# IFSJKD Who are you?



## Aikia (Sep 27, 2004)

IFAJKD,
I have read several threads where you have gone out of your way to refer to me in a disrepectful manner. I attempted to reply to a thread regarding OJKD/JKDC in which you found it necessary to involve my name. The topic was locked. The site manager advised me to start a new thread. So, tell me how you concluded that I was a threat to you. Have you ever met me or worked with me?  I have now posted information on the forum. I sent you a personal e-mail but you have not responded. IFYJKD who are you?
Jerry Beasley,Ed.D.



Black Belt Magazine Hall Of Fame Members include:
Bruce Lee 1972
Dan Inosanto 1977
Joe Lewis 1986
Dr. Daniel Lee 1988
Richard Bustillo 1989
Dr. Jerry Beasley 2000


----------



## Flatlander (Sep 27, 2004)

Dr.
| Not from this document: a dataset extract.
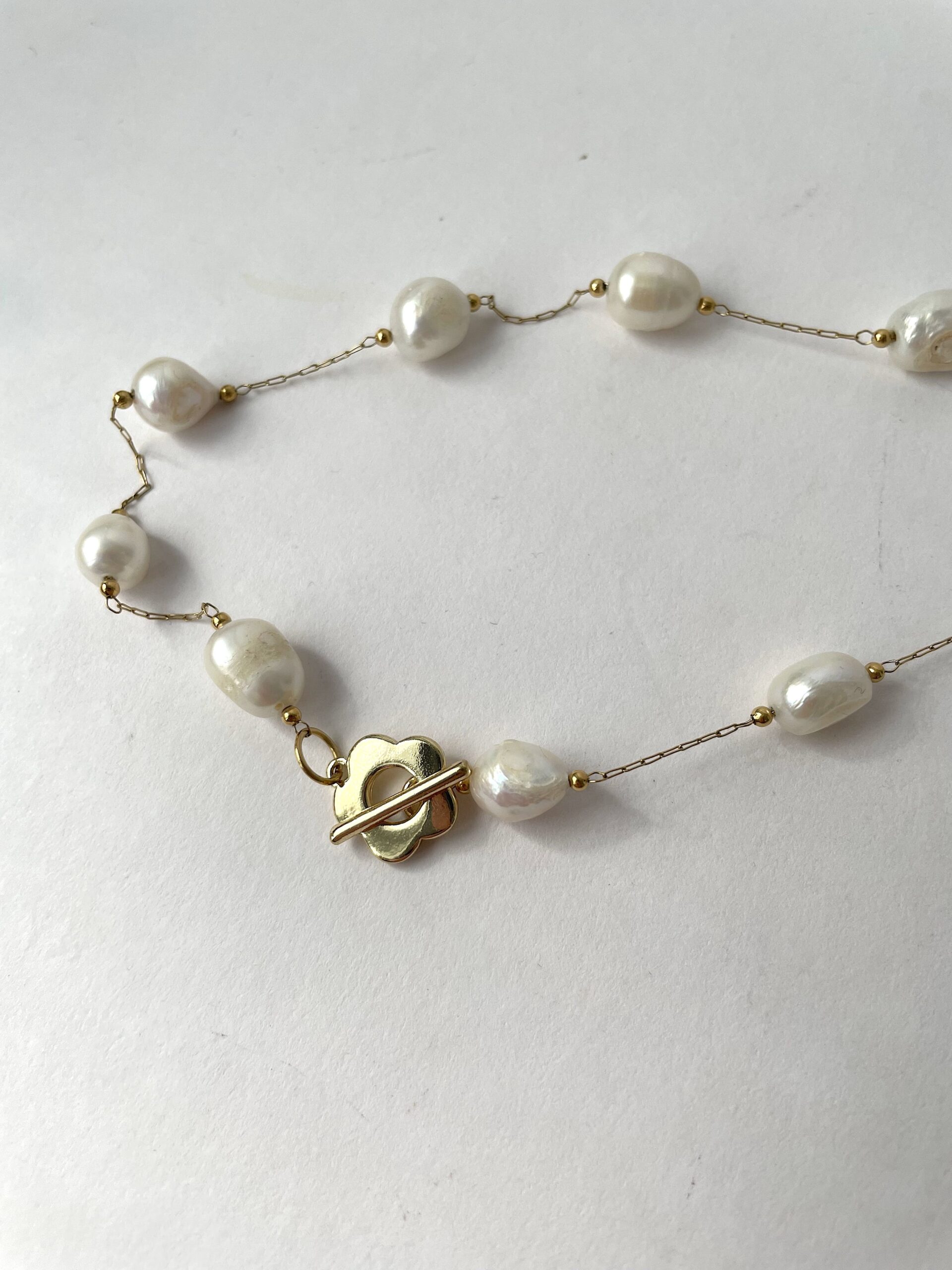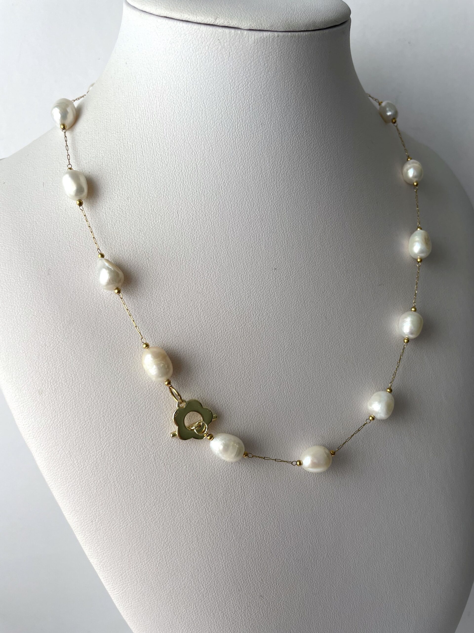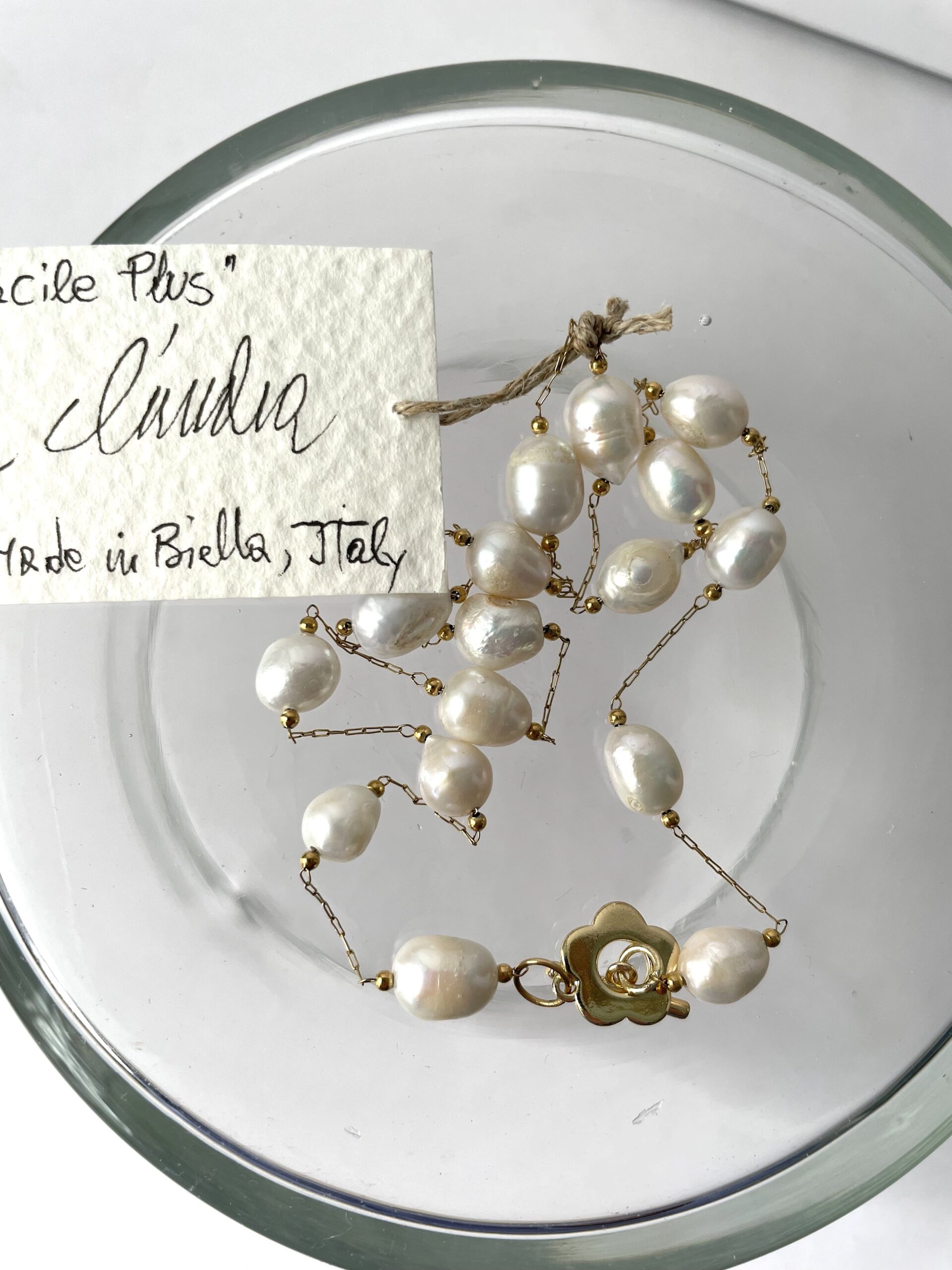 Nel nuovo modello PLUS troviamo perle di fiume bianche più grandi, collegate tra loro da una sottile catenina in acciaio dorato. La chiusura a forma di romantico fiore è in metallo placcato oro 18 K. Vista la sua particolare forma, Chiara Bo consiglia di tenerla su un lato, ben in vista.

Beasley, if you investigate IFAJKD's public profile, you will note that this particular member hasn't posted here since January 15th of 2004.  This indicates to me that they are no longer active on Martial Talk.  It is entirely possible that this member has a new e-mail address as well.


----------



## Aikia (Sep 27, 2004)

Flatlander,
Thanks for the response. I checked his bio page. I have only recently entered forums. I am supprised that someone like IFSJKD can log in and  make disrespectful remarks about a person he does not know. If  
he is afraid to provide his name and location he  has no right to be critical. I am sure I could clear up any misinformation that  he has.  
JB


----------



## Flatlander (Sep 27, 2004)

I apologise to you sir, for this having happenned.  The fact is though, making derogatory comments about someone who is not here to defend themselves is generally considered to be bad form for obvious reasons.  Apparently this particular member was unconcerned with good manners and decorum.  Regardless, you are here now, and able to counter any statements you see as being inaccurate.  He, however, is not.


Respectfully, 

Dan Bowman


----------



## arnisador (Nov 13, 2005)

I'll say this--for me, *IFAJKD*'s contributions are very much missed.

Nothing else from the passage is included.